Commercial Fishing in BC: A History
Long before there was an official commercial fishery in British Columbia, First Nations had been trading fish among themselves and with European settlers. As commercial fishing evolved, Indigenous people had less and less access to fish as a means of maintaining their livelihoods.
The aboriginal food fishery was created in the 1880s to regulate and limit Indigenous fishing and to allow the expansion of a commercial fishery. In 1889, the Federal Department of Fisheries limited the number of licences on the Fraser River to 450; of these 350 were issued to cannery-owned boats and 100 went to independent fishers. In 1892, the chief of the Musqueam Nation testified before the British Columbia Fisheries Commission about his people's trouble obtaining independent fishing licences. Ten Musqueam people had obtained licences; the rest had access to the commercial fishery only by working for low wages for European-owned canneries.
While Indigenous people had limited access to the commercial fishery, access to fish for food was also curtailed. In 1894, Fisheries regulations were amended to require First Nations to obtain permission from the inspector of fisheries to fish for food. For $1, a non-Indigenous person could obtain a domestic licence, which allowed the same right to fish for food as an aboriginal person — without seeking 'permission'.
The domination of the commercial fishery by non-Indigenous interests persisted and, until recently, fisheries policies continued to limit Indigenous people's access.
Fairness in the Commercial Fishing Industry
Concerns have been raised that there will be job losses and economic decline among non-Indigenous fishers and supporting industries — that treaties will take away part of somebody else's livelihood.
Treaty negotiations strive to find a balance between providing First Nations with a greater role in the management and commercial use of fish, while protecting the interests of non-Indigenous fishers. Indigenous and non-Indigenous fisheries co-exist and will continue to do so.
For example, the Nisga'a Treaty and Harvest Agreement sets out an annual allocation of salmon comprising, on average, approximately 26 per cent of the Canadian Nass River total allowable catch. This right is subject to conservation and allocations may be reduced if stock is not available in a given year.
Establishing access to the commercial fishery as part of treaty negotiations is really about recognizing that fish is not only an integral part of First Nations' culture, but also a critical part of restoring economic self-sufficiency.
Managing the Fish Resource
For First Nations, fishing goes hand-in-hand with responsible and sustainable environmental stewardship, so participating in how this resource is managed is critical. Treaties may include provisions for First Nations to be involved in aquatic management planning, somewhat similar to land use planning processes currently underway. For example, the Nisga'a treaty established a Joint Fisheries Management Committee (JFMC) to facilitate the cooperative planning and conduct of Nisga'a fisheries and enhancement activities.
Fish and the Law
Canadian courts did not create the aboriginal right to fish; they simply recognized that it was never extinguished and continues to exist.

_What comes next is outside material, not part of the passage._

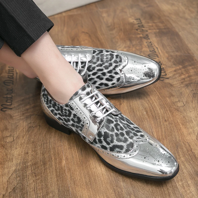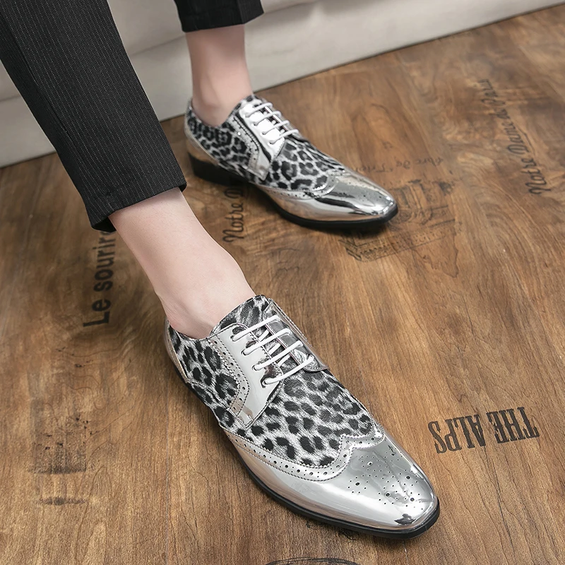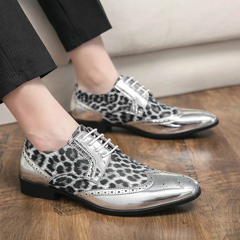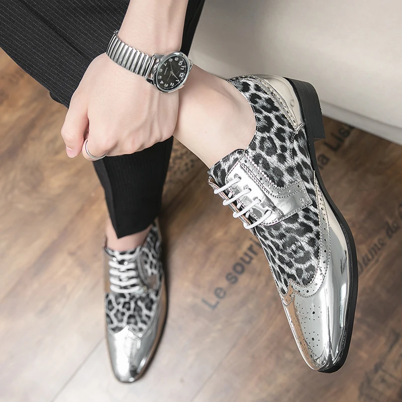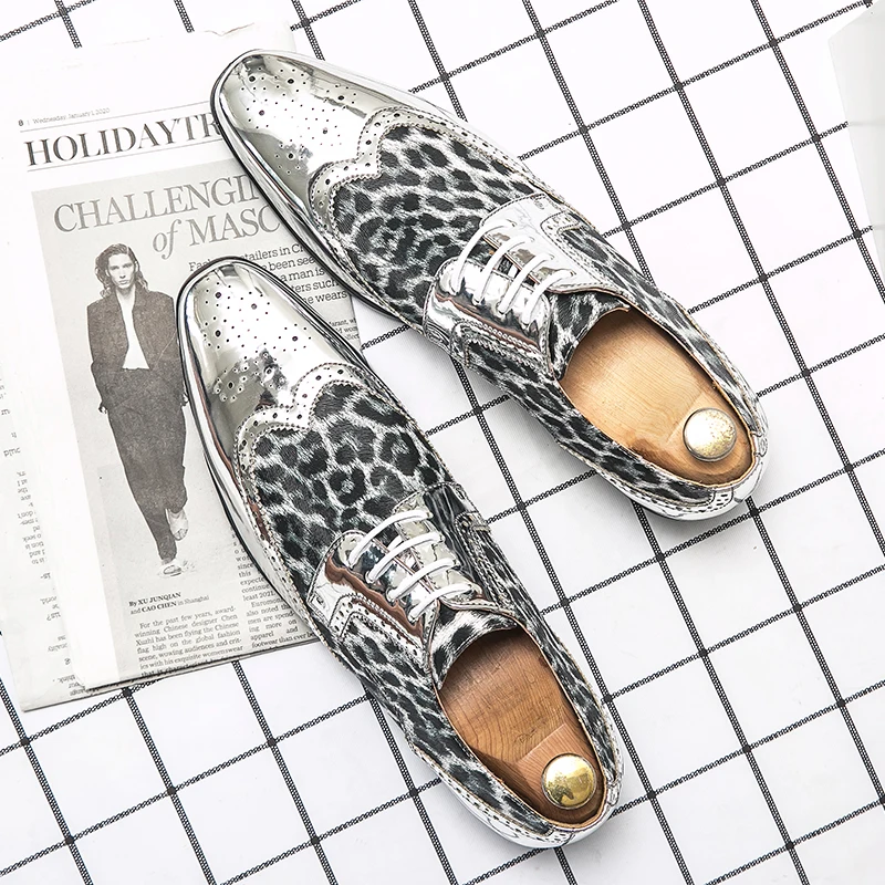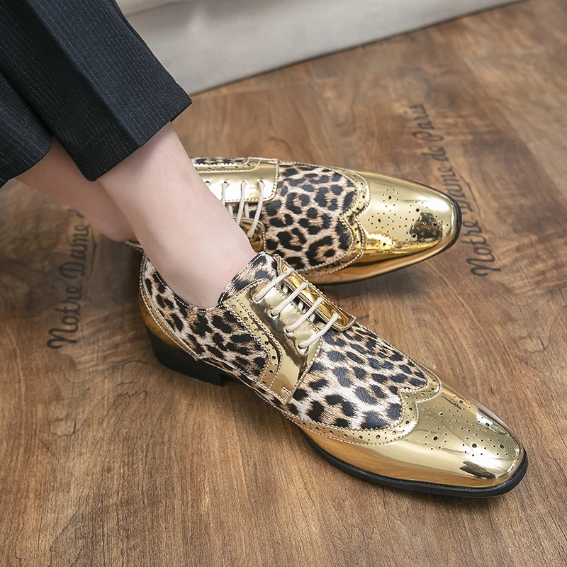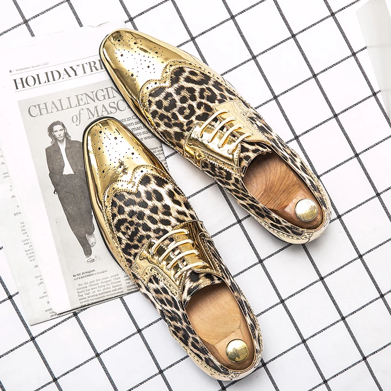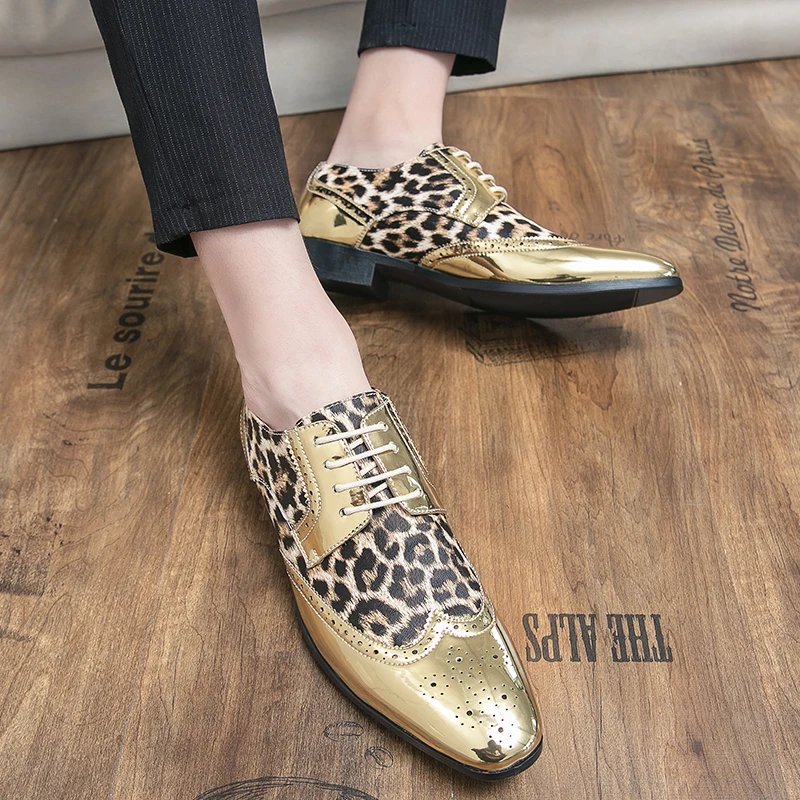 Gold Leopard Leather Brogue Shoes

The Supreme Court of Canada's decision in Sparrow was a major turning point for aboriginal rights, and specifically aboriginal fishing rights. In this case, the Musqueam Nation was asserting an aboriginal right to fish; the Government of Canada argued that First Nations had only those rights granted by the Fisheries Act and regulations. The court ruled that aboriginal rights could only be taken away by clear and explicit legislation, and the Fisheries Act had never extinguished aboriginal or treaty rights.
Sparrow defined aboriginal people's right to fish for food, social and ceremonial purposes — a right that takes priority over all other uses of the fishery except conservation. Responding to Sparrow, the Aboriginal Fishing Strategy was launched in 1992 to recognize the aboriginal right to fish. The strategy applies where the Department of Fisheries and Oceans manages the fishery and where treaties or other agreements are not already in place.
The Supreme Court of Canada's 1999 decision in the Marshall case further defined the aboriginal right to fish. Donald Marshall, a New Brunswick Mi'kmaq convicted in 1996 for illegally catching and selling eels, appealed to the Supreme Court. The Supreme Court overturned the conviction and ruled that aboriginal people in the Maritimes affected by a 1760 treaty with the British have access to fish and wildlife to provide a moderate livelihood for such basics as food, clothing, housing and a few amenities.